A REPL agent sees a programming environment:

const broken = await db.query(`
  SELECT e.*, m.error_rate FROM entities e
  JOIN metrics m ON m.entity_id = e.id
  WHERE m.error_rate > 0.05
`)
 
for (const svc of broken) {
  const analysis = await llm_query(
    `What could cause elevated errors in a ${svc.properties.tech_stack} service?`,
    JSON.stringify(svc)
  )
  print(`## ${svc.display_name}\n${analysis}\n`)
}

Query. Filter. Loop. Sub-LLM call per result. Formatted output. One turn.

The agent didn't pick a tool. It wrote a program. And the program did things no tool menu could express: a filtered query joined with metrics, iterated with per-item LLM analysis, formatted for human consumption.

This is why the REPL wins even on simple tasks. Even a two-step task — read a file, extract a value — benefits from not polluting context with the entire file.

The simpler the task, the more wasteful the tool-call overhead looks.

What comes after

Once the REPL is the default loop, other things become possible.

Agents that persist across sessions — not by cramming history into a prompt, but by storing state in variables that outlive any single conversation.
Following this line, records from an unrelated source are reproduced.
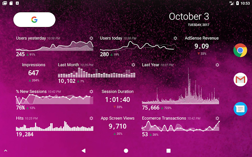 Analytics Widget is a Google Analytics Informer which provides charts with metrics, trends and statistics in timeline view from Google Analytics service.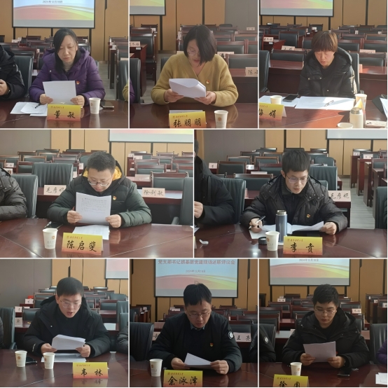 述职会上,八个党支部书记围绕2024年度党建重点工作,结合所在支部工作实际,分别聚焦本年度述职重点内容,上一年度整改情况以及述职“必答题”三个方面依次进行述职。周亚芳书记从发挥本科生党员先锋模范作用、组合式推进“品牌效应”、持续跟进品牌建设,答好支部“必答题”等不同方面对各党支部书记述职情况进行了“一述一评”,点准问题,指出存在的薄弱环节,提出整改建议。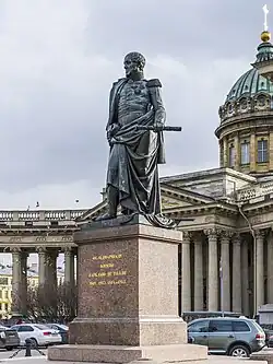 A grand statue of him was erected in front of Kazan Cathedral, St Petersburg at the behest of Emperor Nicholas I. A full-size bronze-mounted statue by Vladimir Surovtsev in Chernyakhovsk, a bust monument in Tartu, and the so-called "Barclay's leaning house" in Tartu (which was acquired by his widow after his death). He was also commemorated by a modern statue in Riga,[14] until it was subsequently dismantled on 16 October 2024.[14][nb 2]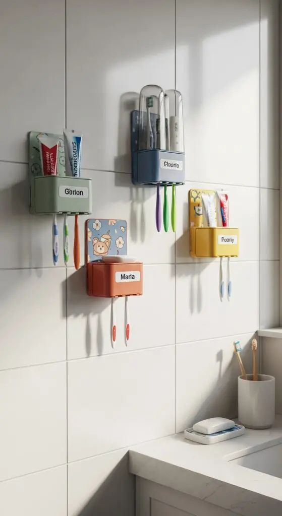 Choose personalized dispensers with each child’s name or favorite colors to encourage ownership and responsibility. Install holders at varying heights so everyone can reach their own without assistance. Look for holders with built-in covers to keep toothbrushes hygienic and protected from bathroom moisture. Bathroom organization extends beyond just toothbrushes to include proper storage for all essential items. This simple organization system teaches kids independence while maintaining a clean, functional space.

Agents that hand off work to other agents by writing to shared channels, not by serializing context into tool calls.

Agents that improve over time by encoding what they've learned into their own working environment.

The scratchpad turns out to be the foundation, not the ceiling. But that's a different post.

For now: write code, execute it, print what matters, carry state forward. Let the context window hold reasoning, not raw data.

A scratchpad and a database. That's all it took.